((

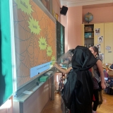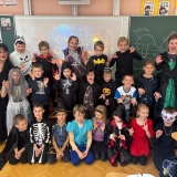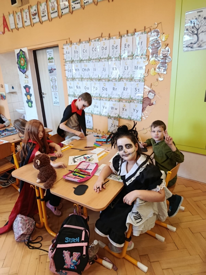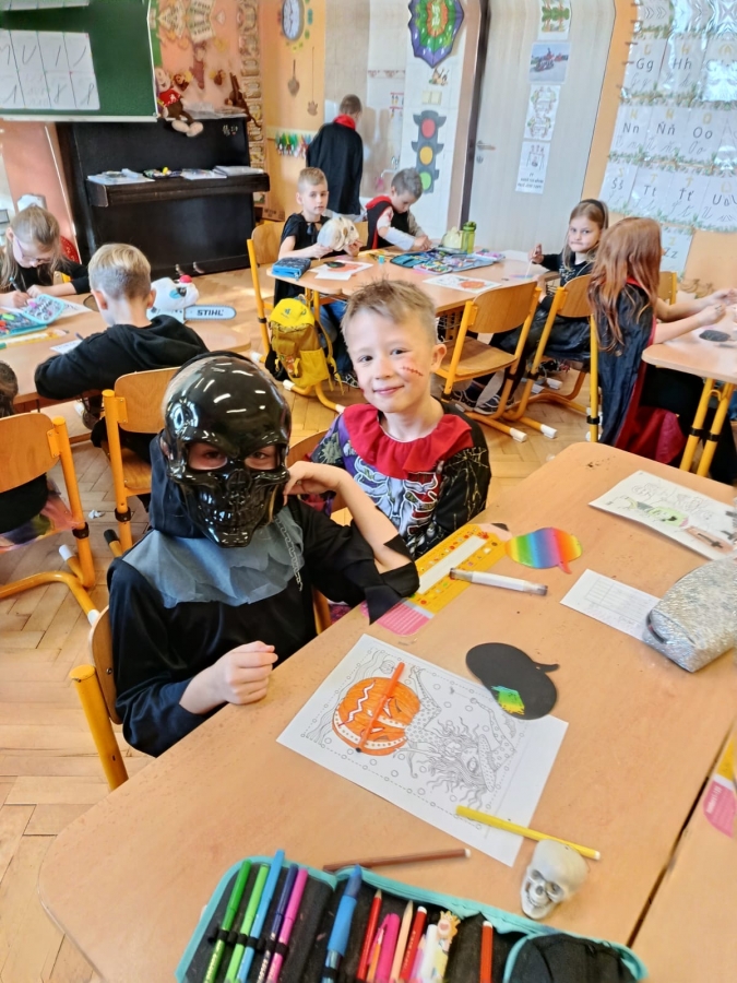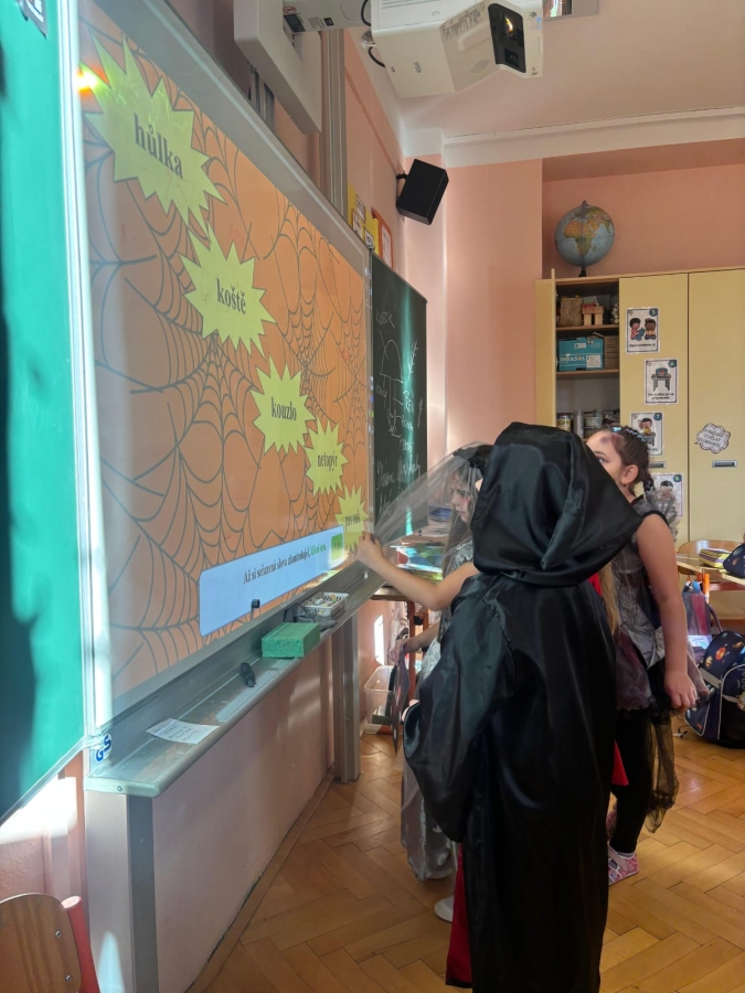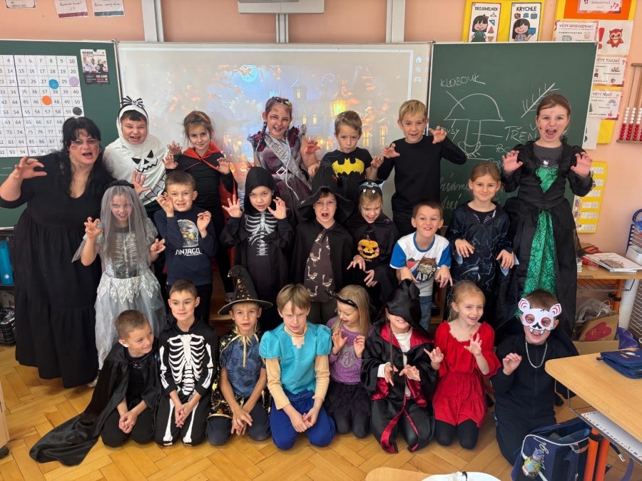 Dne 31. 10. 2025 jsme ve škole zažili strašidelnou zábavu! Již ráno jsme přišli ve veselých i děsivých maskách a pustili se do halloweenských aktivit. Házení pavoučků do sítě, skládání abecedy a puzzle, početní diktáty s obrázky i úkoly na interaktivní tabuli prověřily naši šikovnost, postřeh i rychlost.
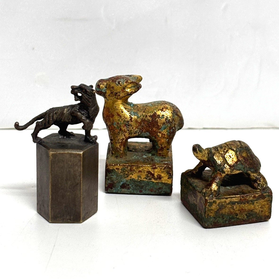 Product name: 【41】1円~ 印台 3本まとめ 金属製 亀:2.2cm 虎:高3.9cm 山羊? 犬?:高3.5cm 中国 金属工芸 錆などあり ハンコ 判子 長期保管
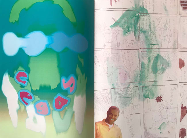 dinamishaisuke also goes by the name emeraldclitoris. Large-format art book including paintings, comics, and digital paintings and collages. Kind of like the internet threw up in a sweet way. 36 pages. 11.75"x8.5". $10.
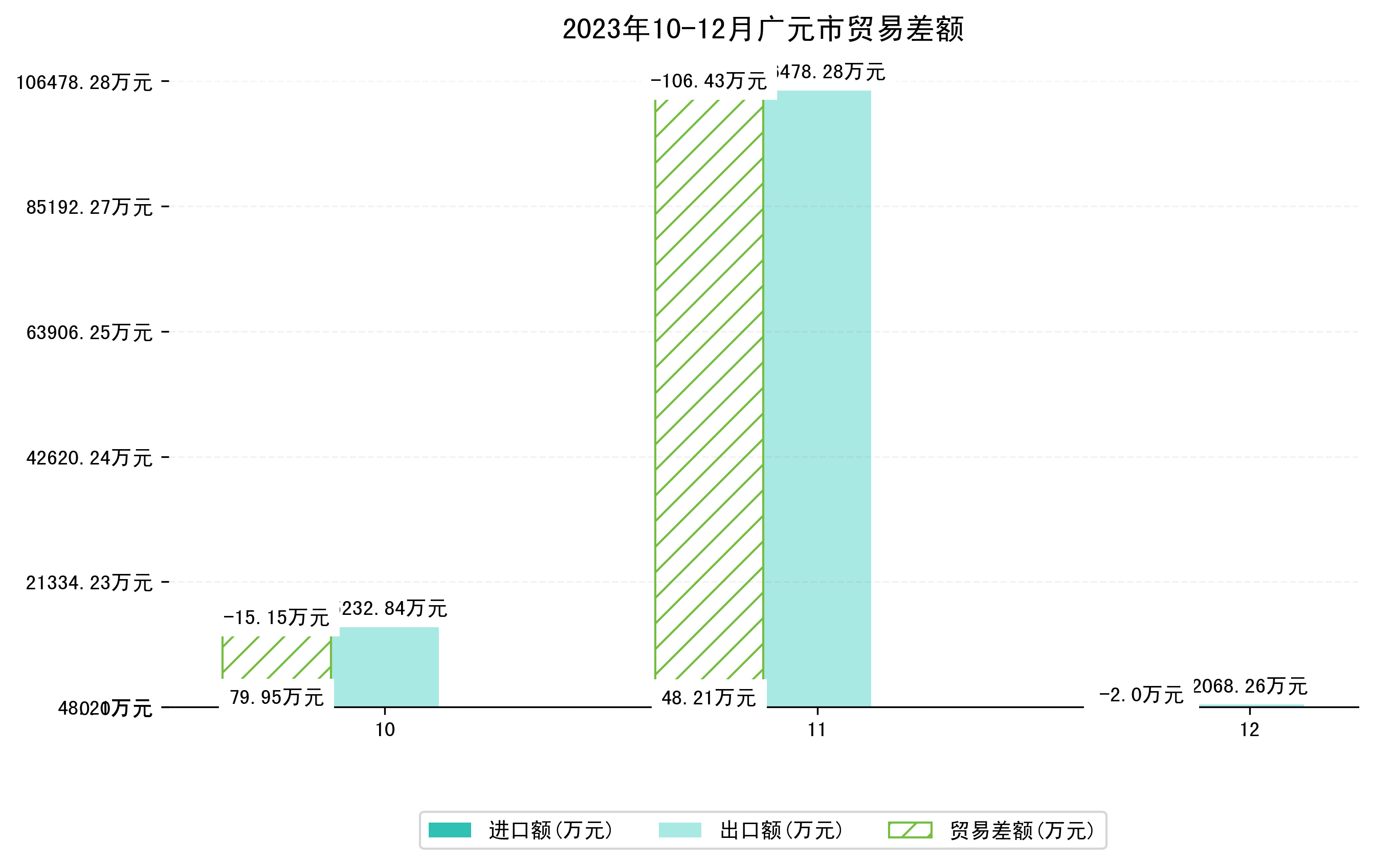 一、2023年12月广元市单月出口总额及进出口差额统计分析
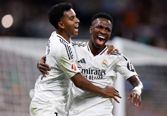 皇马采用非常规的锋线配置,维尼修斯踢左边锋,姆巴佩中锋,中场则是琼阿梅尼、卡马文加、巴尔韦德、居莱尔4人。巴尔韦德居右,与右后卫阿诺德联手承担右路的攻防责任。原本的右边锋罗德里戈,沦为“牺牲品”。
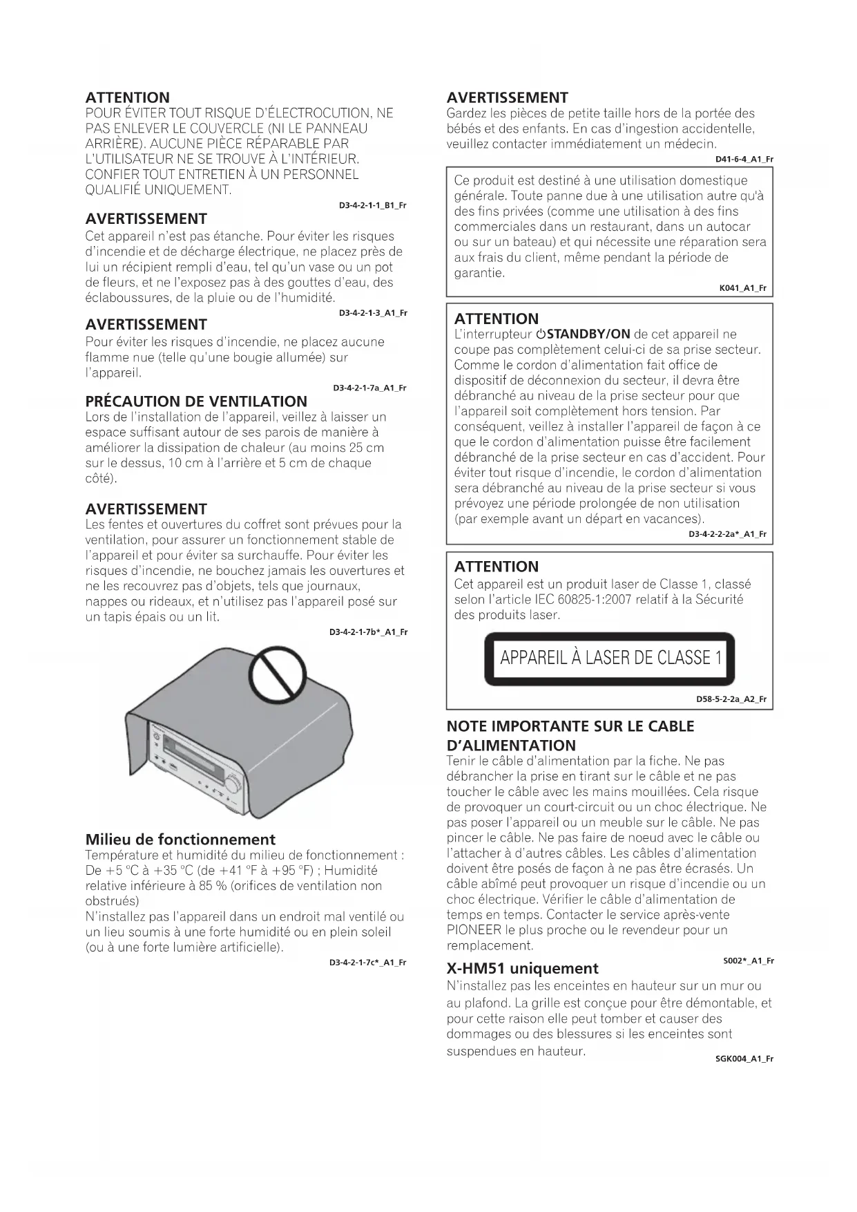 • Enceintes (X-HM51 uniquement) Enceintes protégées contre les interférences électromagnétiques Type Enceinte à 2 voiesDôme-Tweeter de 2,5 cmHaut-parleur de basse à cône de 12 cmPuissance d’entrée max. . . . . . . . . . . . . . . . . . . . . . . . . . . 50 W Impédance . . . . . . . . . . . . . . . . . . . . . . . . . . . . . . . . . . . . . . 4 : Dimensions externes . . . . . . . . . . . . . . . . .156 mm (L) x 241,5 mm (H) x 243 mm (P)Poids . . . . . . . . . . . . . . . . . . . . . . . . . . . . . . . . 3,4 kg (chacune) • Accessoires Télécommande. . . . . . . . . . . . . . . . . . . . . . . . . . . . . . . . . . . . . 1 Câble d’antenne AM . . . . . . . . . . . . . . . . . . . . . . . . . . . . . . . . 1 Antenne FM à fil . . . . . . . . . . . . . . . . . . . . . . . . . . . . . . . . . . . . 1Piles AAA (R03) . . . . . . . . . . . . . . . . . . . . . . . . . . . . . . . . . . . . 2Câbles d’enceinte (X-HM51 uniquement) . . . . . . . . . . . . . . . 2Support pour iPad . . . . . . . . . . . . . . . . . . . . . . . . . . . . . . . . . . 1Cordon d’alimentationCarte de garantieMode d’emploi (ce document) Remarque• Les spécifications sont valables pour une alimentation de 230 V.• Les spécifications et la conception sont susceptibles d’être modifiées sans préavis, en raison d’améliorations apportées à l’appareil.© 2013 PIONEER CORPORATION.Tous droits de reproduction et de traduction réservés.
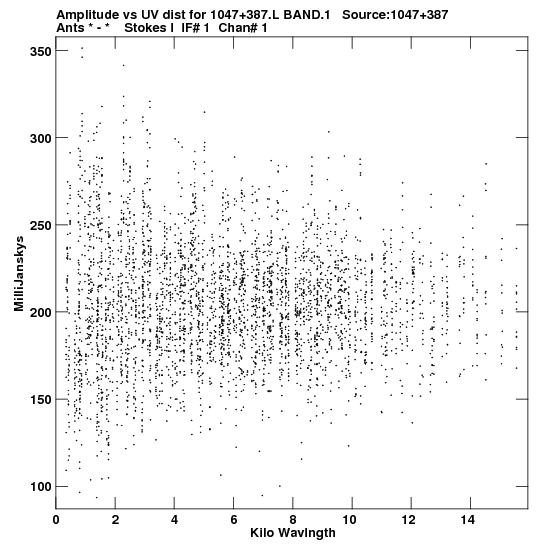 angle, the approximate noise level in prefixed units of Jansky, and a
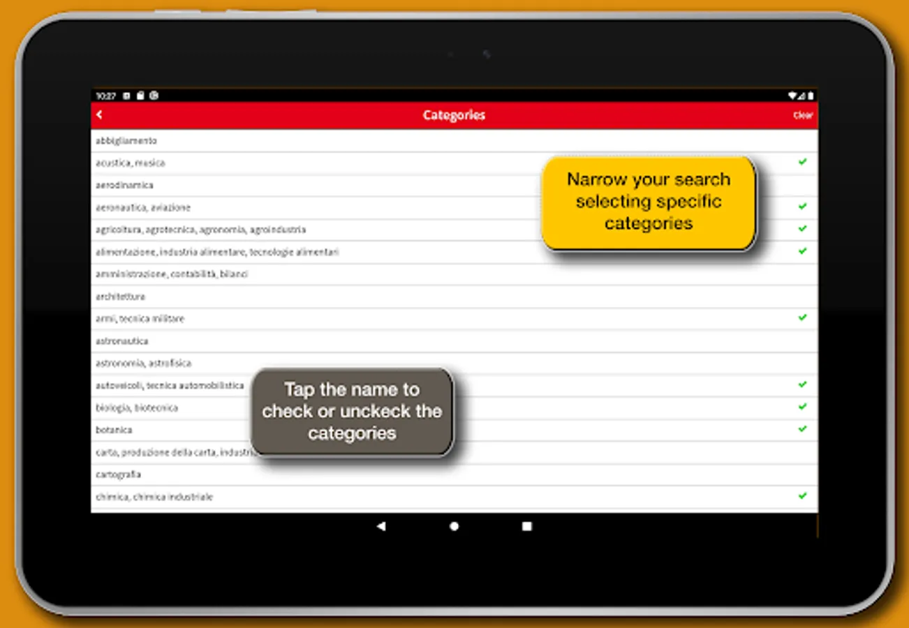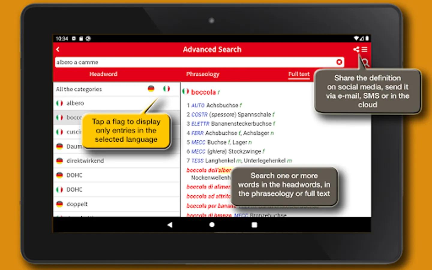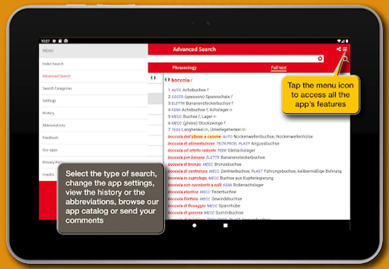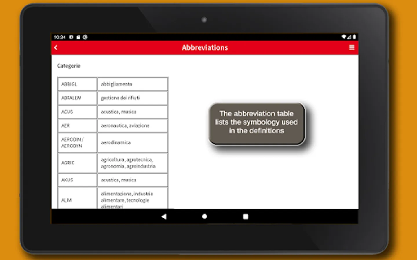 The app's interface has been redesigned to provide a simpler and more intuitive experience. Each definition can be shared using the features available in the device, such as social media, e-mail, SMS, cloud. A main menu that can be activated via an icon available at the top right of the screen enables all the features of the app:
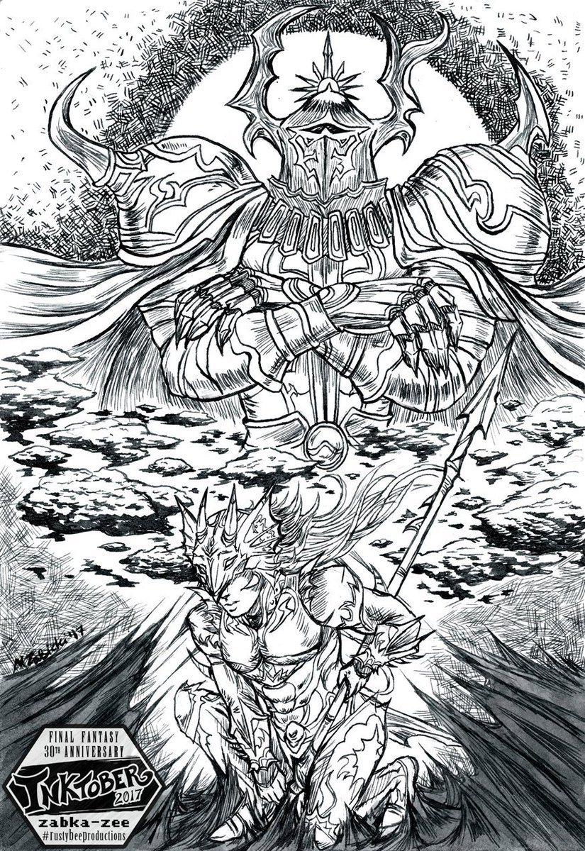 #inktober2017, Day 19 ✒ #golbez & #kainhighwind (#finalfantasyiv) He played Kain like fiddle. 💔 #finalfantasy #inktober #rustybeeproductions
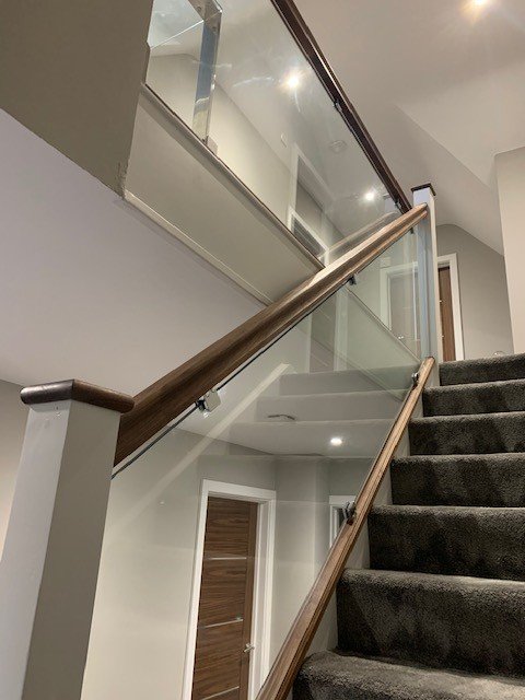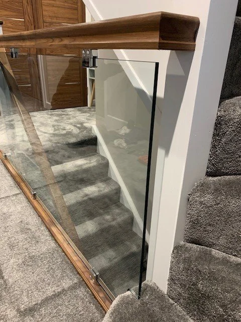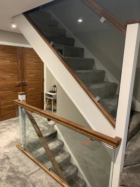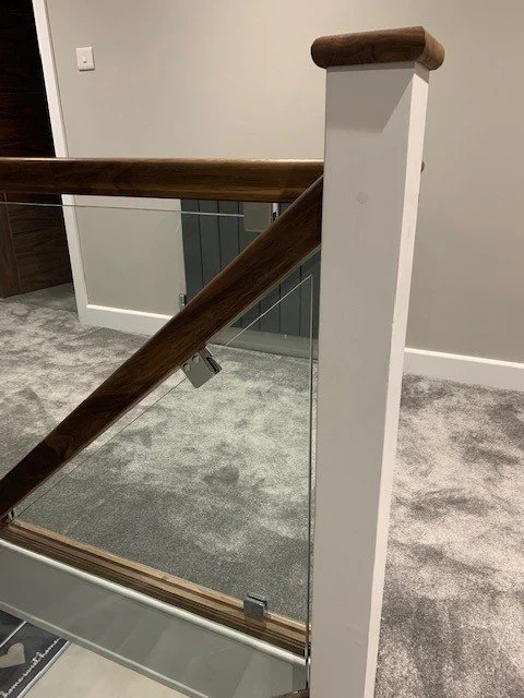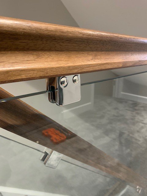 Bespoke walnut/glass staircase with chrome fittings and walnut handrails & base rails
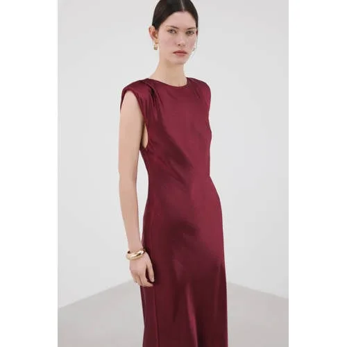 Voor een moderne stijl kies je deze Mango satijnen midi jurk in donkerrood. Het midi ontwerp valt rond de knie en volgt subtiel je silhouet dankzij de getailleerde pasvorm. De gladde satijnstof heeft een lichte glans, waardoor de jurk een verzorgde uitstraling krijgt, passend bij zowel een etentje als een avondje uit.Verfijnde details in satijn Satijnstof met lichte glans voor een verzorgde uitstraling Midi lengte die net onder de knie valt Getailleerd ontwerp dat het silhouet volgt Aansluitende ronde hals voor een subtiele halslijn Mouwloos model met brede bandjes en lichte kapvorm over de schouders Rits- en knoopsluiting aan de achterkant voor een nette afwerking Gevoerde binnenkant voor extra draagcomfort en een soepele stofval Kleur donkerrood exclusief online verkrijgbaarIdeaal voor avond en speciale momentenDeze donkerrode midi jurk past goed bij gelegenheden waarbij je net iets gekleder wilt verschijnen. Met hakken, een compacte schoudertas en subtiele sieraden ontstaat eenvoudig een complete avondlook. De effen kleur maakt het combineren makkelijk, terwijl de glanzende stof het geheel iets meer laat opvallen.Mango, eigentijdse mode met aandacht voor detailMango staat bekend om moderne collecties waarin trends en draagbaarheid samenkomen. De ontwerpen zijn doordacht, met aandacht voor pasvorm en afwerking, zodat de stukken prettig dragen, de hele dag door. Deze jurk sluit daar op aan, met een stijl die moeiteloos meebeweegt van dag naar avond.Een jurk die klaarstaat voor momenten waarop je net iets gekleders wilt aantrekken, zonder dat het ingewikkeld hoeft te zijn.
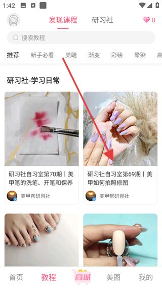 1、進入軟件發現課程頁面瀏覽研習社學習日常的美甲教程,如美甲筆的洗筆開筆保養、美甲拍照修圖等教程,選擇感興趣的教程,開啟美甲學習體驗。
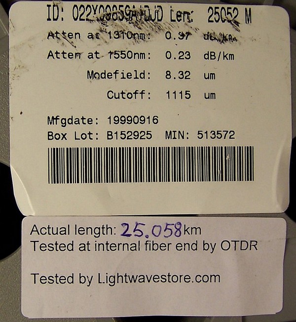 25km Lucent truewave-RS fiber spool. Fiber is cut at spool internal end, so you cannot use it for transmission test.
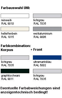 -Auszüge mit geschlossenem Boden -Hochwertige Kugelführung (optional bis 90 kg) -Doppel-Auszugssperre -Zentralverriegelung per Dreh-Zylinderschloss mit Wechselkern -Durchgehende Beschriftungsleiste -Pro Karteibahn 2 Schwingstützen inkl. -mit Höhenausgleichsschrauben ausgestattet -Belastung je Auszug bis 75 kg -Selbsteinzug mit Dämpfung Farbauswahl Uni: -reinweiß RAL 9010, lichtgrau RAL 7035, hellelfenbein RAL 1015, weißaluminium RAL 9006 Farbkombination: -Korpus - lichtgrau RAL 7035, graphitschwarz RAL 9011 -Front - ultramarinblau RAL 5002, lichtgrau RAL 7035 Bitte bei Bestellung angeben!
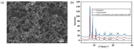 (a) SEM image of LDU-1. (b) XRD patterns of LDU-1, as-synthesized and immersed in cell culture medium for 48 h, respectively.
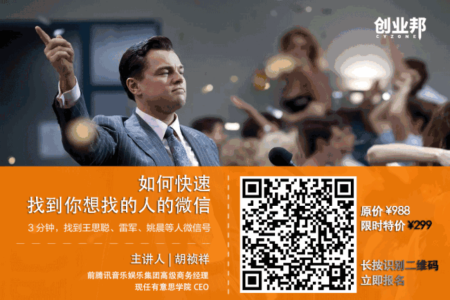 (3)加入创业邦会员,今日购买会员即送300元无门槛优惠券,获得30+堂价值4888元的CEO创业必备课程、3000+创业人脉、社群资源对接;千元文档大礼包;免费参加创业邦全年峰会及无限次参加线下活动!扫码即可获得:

))

■ What is expected ■
From the very first line of the listing above through the line that holds "皇马采用非常规的锋线配置,维", write out each line exactly as it stands, leaving pictures out.

■ Solved exercise ■
 Dne 31. 10. 2025 jsme ve škole zažili strašidelnou zábavu! Již ráno jsme přišli ve veselých i děsivých maskách a pustili se do halloweenských aktivit. Házení pavoučků do sítě, skládání abecedy a puzzle, početní diktáty s obrázky i úkoly na interaktivní tabuli prověřily naši šikovnost, postřeh i rychlost.
 Product name: 【41】1円~ 印台 3本まとめ 金属製 亀:2.2cm 虎:高3.9cm 山羊? 犬?:高3.5cm 中国 金属工芸 錆などあり ハンコ 判子 長期保管
 dinamishaisuke also goes by the name emeraldclitoris. Large-format art book including paintings, comics, and digital paintings and collages. Kind of like the internet threw up in a sweet way. 36 pages. 11.75"x8.5". $10.
 一、2023年12月广元市单月出口总额及进出口差额统计分析
 皇马采用非常规的锋线配置,维尼修斯踢左边锋,姆巴佩中锋,中场则是琼阿梅尼、卡马文加、巴尔韦德、居莱尔4人。巴尔韦德居右,与右后卫阿诺德联手承担右路的攻防责任。原本的右边锋罗德里戈,沦为“牺牲品”。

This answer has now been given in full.